**Task brief**
Your answer must be an exact copy of the entries, containing no images.

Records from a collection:
::::::

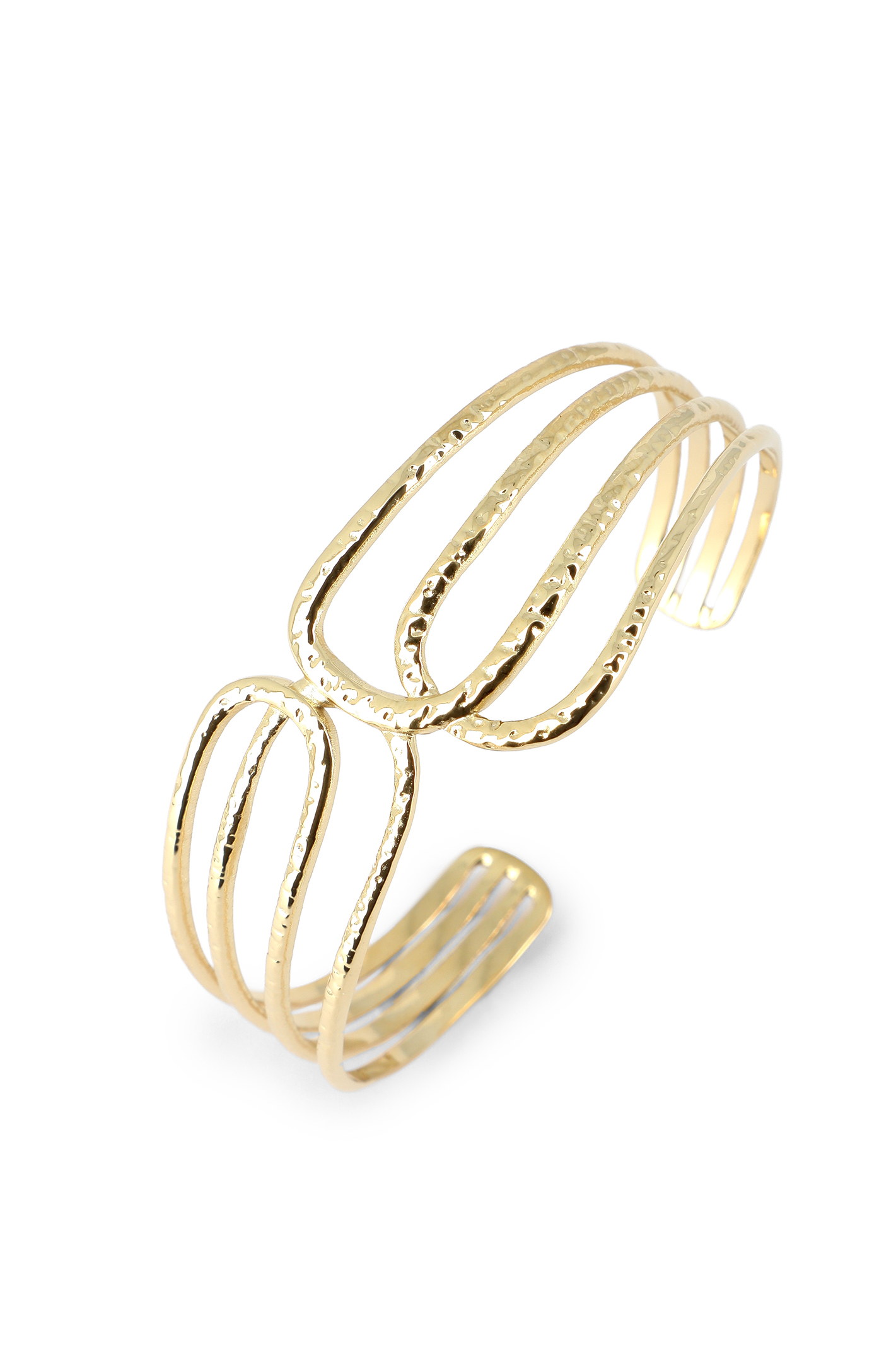 Bracelet jonc ouvert martelé & gouttes creuses croisées
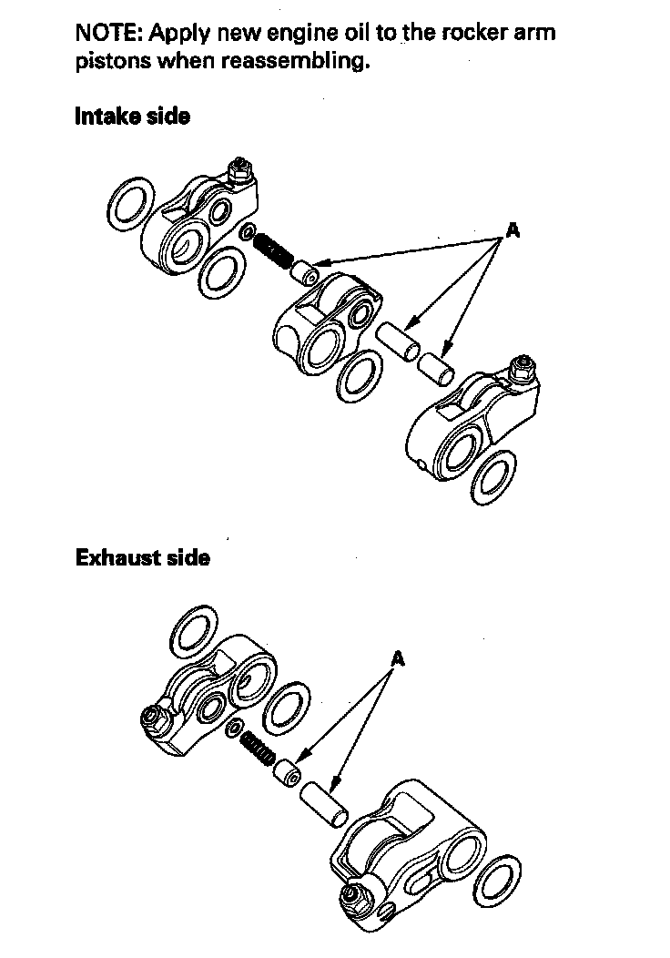8. Inspect the rocker arm pistons (A). Push on each piston manually. If it does not move smoothly, replace the rocker arm set.
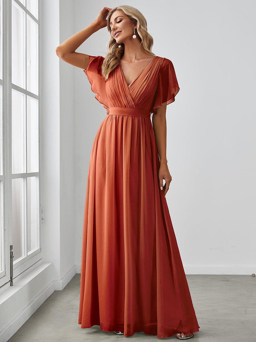 This classic A-line evening dress features pleated chiffon layers, v-neckline, light flutter sleeves, and a flowing silhouette, making it timeless and sophisticated. Pair it with black or metallic heels.
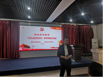 举办的党史学习教育暨“太行山红色文化”研学项目交流会。学院党委书记董爱民、教师党支部书记孙振杰、马克思主义学院支部书记及教师代表、旅游管理系全体教师和部分学生党员、入党积极分子参与活动。
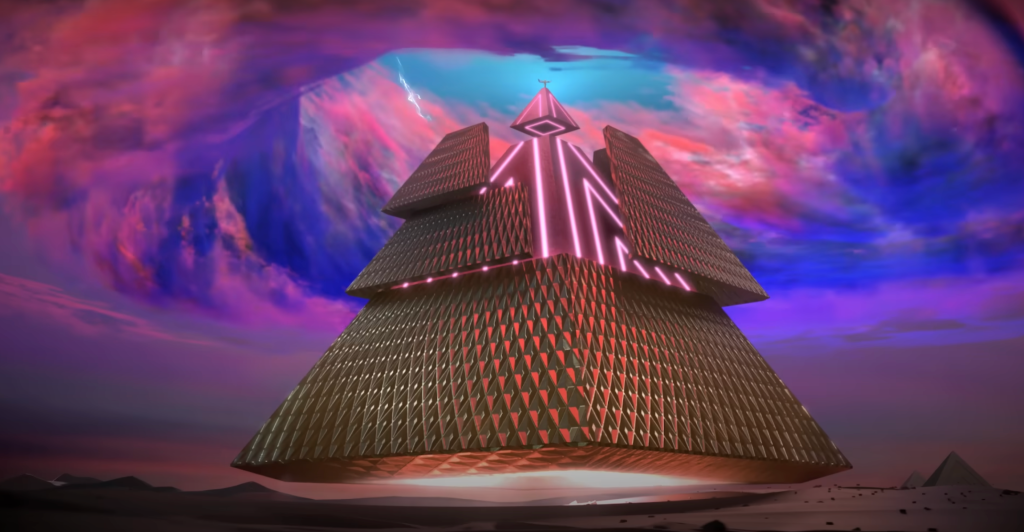 Här är från musikvideon ’Dark Horse’ som innehåller löjligt mycket esoterisk symbolism som slutar med att hon kliver upp på toppen av en pyramid:
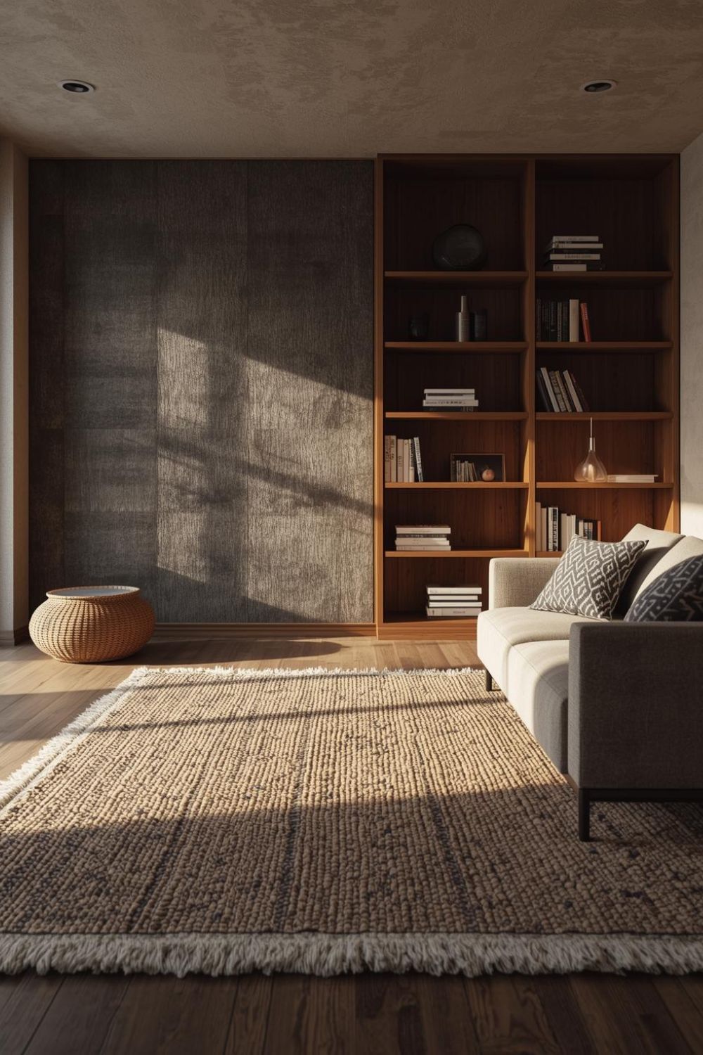 Cozy Living Room with Layered Rugs and Low Bookcase Wall

::::::

**Expected answer**
 Bracelet jonc ouvert martelé & gouttes creuses croisées
8. Inspect the rocker arm pistons (A). Push on each piston manually. If it does not move smoothly, replace the rocker arm set.
 This classic A-line evening dress features pleated chiffon layers, v-neckline, light flutter sleeves, and a flowing silhouette, making it timeless and sophisticated. Pair it with black or metallic heels.
 举办的党史学习教育暨“太行山红色文化”研学项目交流会。学院党委书记董爱民、教师党支部书记孙振杰、马克思主义学院支部书记及教师代表、旅游管理系全体教师和部分学生党员、入党积极分子参与活动。
 Här är från musikvideon ’Dark Horse’ som innehåller löjligt mycket esoterisk symbolism som slutar med att hon kliver upp på toppen av en pyramid:
 Cozy Living Room with Layered Rugs and Low Bookcase Wall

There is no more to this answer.